Afterglow Conversations

- Wow. That was - amazing House.

- I know. Makes me wonder why we've waited 20 years.

- Because you're an idiot, clearly.

- A very HUGE and TALENTED idiot, as I seem to recall you moaning before.

- I didn't say that!

- The words 'well hung' were spoken, I'm sure.

- Yes, while you were having sex with your ego.

- You must admit that for a drug addict, fifty years old boozer with a bum leg that was quite a show.

- Seriously House? You're looking for some post-coital ego stroking?

- Not the stroking I'm looking for but...why not? I complimented the shape of your boobs!

- That's because you always do that. And because they're faboosh.

- Who's being selfish now?

- Fine. Thank you, House, for giving me the most mindblowing, amazing orgasm of my life and thank you for not lasting two minutes.

- Ah, I wish you'd tried me in my best years! That was something. Oh, wait. You tried that - in fact, you've jerked off to that memory every morning.

- I believe that was you.

- Oh. Right. Wanna get dressed and go to work?

- Nope.

- That was a trick question. How do you plan to tell everyone at the hospital?

- I don't think we have to tell them -

- Oh sneaking around! I like that! Will we use code names for booty calls? I will ''sign all of your paperwork" and you'll "get my ass to the clinic".

- Shut up House. And no sex at the hospital. But why make an announcement?

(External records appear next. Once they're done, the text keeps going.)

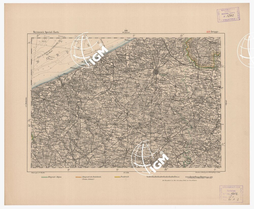 Autore Reymann, luogo di edizione Berlino. Rappresentazione orografica a tratteggio. Tipo in nero colorato a mano.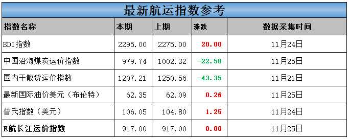 下水货盘需求较之前有所增加。沿江主力电厂冬储煤还在继续,需求开始增加;长江内河货源补充有所改善,非电领域建材、化工等行业受终端需求也有增加,运价也受到支撑上涨。后期需重点关注枯水期水位变化对船舶实际载重的持续影响。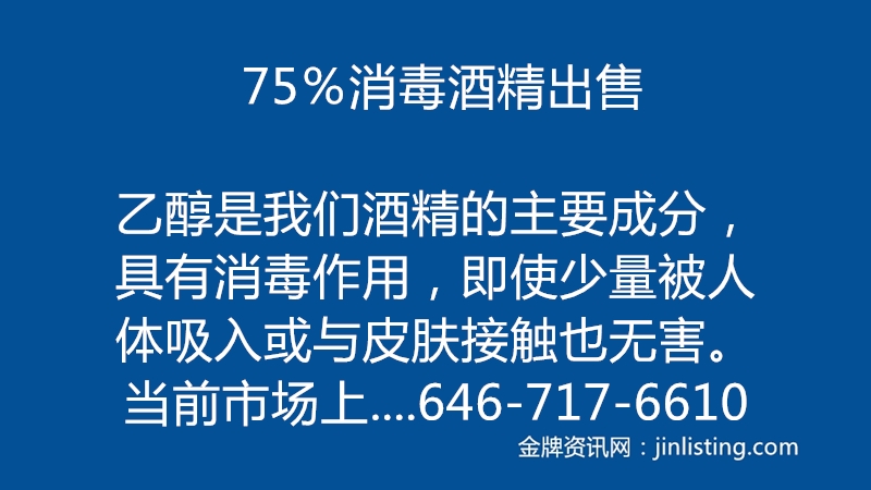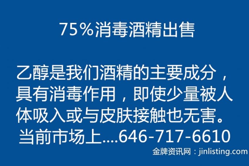 75%消毒酒精出售 646-717-6610

It's none of their business. We're not some prestigious couple who needs to make a press release when they get together.

- Well, you're The Queen Bee of the Hospital and I'm the Evil Master of Terror. When Higher Powers join forces the little people have the right to know!

- I'm sure Dark Times are looming above them, Evil Master.

- Exactly!

- Then I'll have to immolate myself to protect my people.

- Mh, and how exactly are you planning to do that?

- I'll let you ravish me to save them. It's a sacrifice, I know. Poor me.

- Poor you indeed.

She giggled when he bit her, jokingly, on the shoulder. The game was on.